Exercício moral

Há muito não escrevo mas nem de longe pensei em abandonar a prática de bloguear – nem de inventar palavras.

Estou fazendo filosofia há alguns meses, mas recentemente resolvi seguir a sério, com dedicação e disciplina – Três coisas que praticamente inexistem na minha personalidade e por isso tenho me esforçado múltiplas vezes mais para conseguir qualquer sucesso. Um dos exercícios propostos pelo meu professor, e sem prazo de entrega, é o de mudar o automatismo da reclamação, substituindo-o pelo automatismo da reza. É um exercício que ajuda a ter controle do que você está produzindo interiormente, primeiro porque isto se torna perceptível e depois porque a idéia é enfraquecer e eliminar um determinado tipo de fluxo colocando outro no lugar.
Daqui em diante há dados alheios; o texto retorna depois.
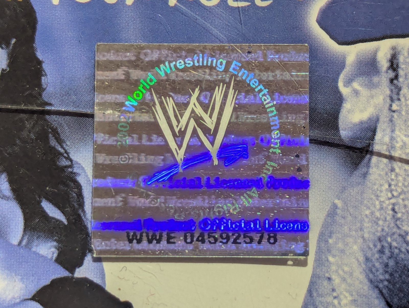 A holographic rectangular sticker confirming official WWF licensing for a 2002 wrestling release.
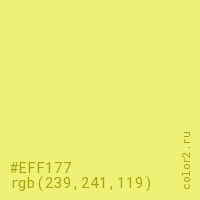 Цвет #EFF177 в цветовой модели RGB обозначается тремя октетами (239, 241, 119) в десятичном формате и #EFF177 в шестнадцатиричном (hex) формате, которые являются интенсивностью красного 239 (hex EF), интенсивность зелёного 241 (hex F1) и интенсивность синего 119 (hex 77).
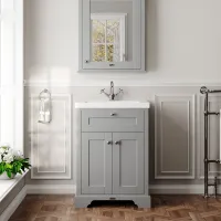 Hudson Reed Old London Traditional 600mm Storm Grey 2-Door Floor Standing Vanity Unit With Fireclay Basin
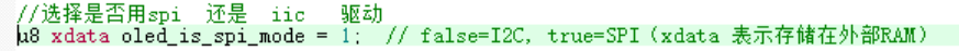 u8 xdata oled_is_spi_mode = 1; // false=I2C, true=SPI(xdata 表示存储在外部RAM)
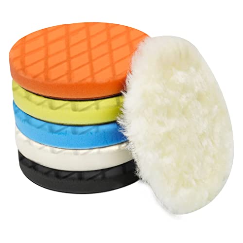 Autolock Set di 6 tamponi per lucidatura, 6.5 pollici, 165mm, per 6 pollici, spugna e tamponi di lana, per lucidatura, lucidatura e cera
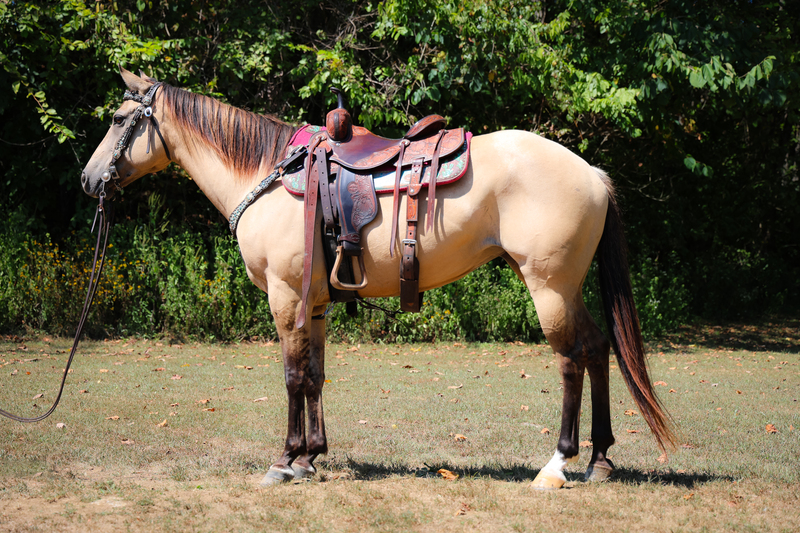 Not only is Daisy a seasoned competitor, but she’s also an honest and safe trail partner suitable for riders of all levels. She scores great, stands quietly, and handles herself with a calm and obedient temperament. Under saddle, she lopes smooth, balanced circles, catches her leads, stops hard, and backs willingly. Her turnaround is correct and responsive, and she rides comfortably off seat and leg cues. Daisy also side passes with ease and is handy enough to open and close gates, making her just as useful on the ranch as she is in the arena.

Já que estendi o exercício para o meu outro forte, o pessimismo agudo, no início do experimento achava que até iria descobrir qualquer vocação religiosa tanto eu rezava. Mas graças a Deus isso não ocorreu e continuo com os planos carnais, embora não pecaminosos – antes que alguém entre no automatismo do significado dessa palavra.

É praticamente assim:

“Odeio o meu trabPAI NOSSO QUE ESTAIS NOS CÉUS SANTIFICADO..”

“Sou uma fracasPAI NOSSO QUE ESTAIS NOS CÉUS..”
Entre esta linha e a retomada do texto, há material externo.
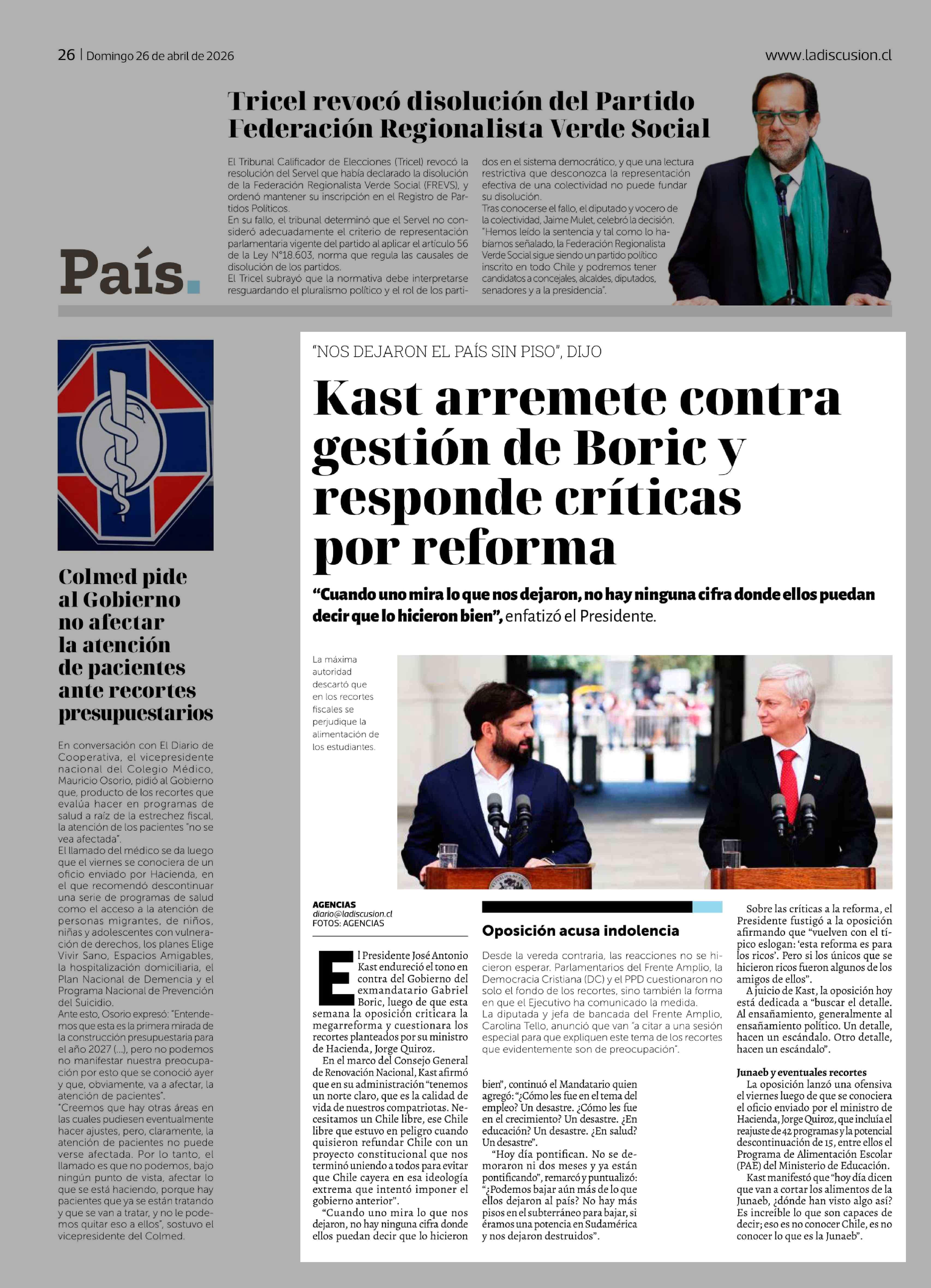 Kast arremete contra gestión de Boric y responde críticas por reforma 26-04-2026 La Discusión |

“Não vou consegPAI NOSSO QUE ESTAIS NOS CÉUS..”

“Nada dá certPAI NOSSO QUE ESTAIS NOS CÉUS..”

“Tomara que esse lugar exploPAI NOSSO QUE ESTAIS NOS CÉUS..”

“Que cara burro, puta que PAI NOSSA QUE ESTAIS NOS CÉUS..”

“Vou desistir de tudo e virar funcionária pública para agradar minha família e ser bem vista por toPAI NOSSO QUE ESTAIS NOS CÉUS SANTIFICADO SEJA O VOSSO NOME VENHA A NÓS O VOSSO REINO SEJA FEITA A VOSSA VONTADE ASSIM NA TERRA COMO NO CÉU O PÃO NOSSO DE CADA DIA NOS DAI HOJE PERDOAI AS NOSSAS OFENSAS ASSIM COMO NÓS PERDOAMOS QUEM NOS TEM OFENDIDO NÃO NOS DEIXE CAIR EM TENTAÇÃO MAS LIVRA-NOS DO MAL AMÉM.”

Funciona! Você realmente esquece daquele pensamento ruim e no final da oração ele não volta mais. Aquele não. Às vezes vem outro, pior e mais triste, mas aquele não volta! Quando oro vezes seguidas me acho um pouco maníaca, tipo um personagem de Almodóvar, e começo a rir. O que é ótimo, pois se o o estado de aflição não morre pela fé, morre pelo ridículo.

Pois os pensamentos ruins são rápidos e acendem na mesma velocidade que se apagam, mas quando você se propõe a estar atenta a eles, a capturá-los e substituí-los, você percebe a freqüência absurda com que aparecem: o tempo todo. O ridículo está nisso, em como esse modus vivendi é despercebido e presente. Isso faz pensar na quantidade de automatismos degradantes que nos acompanham e que não percebemos, de origem interna e externa, que inexistem na nossa visão e talvez  a maioria nunca consigamos enxergar.

A verdade é que ninguém se conhece. Embora exista uma divisão sobre este grupo: há os que não se conhecem, mas não sabem que não se conhecem; e há os que não se conhecem, mas sabem que não se conhecem! Ao menos eu já estou na segunda categoria.

Só sei que nada sei, e o fato de saber isso, me coloca em vantagem sobre aqueles que acham que sabem alguma coisa.” Sócrates

Ou talvez esteja na primeira. Não sei.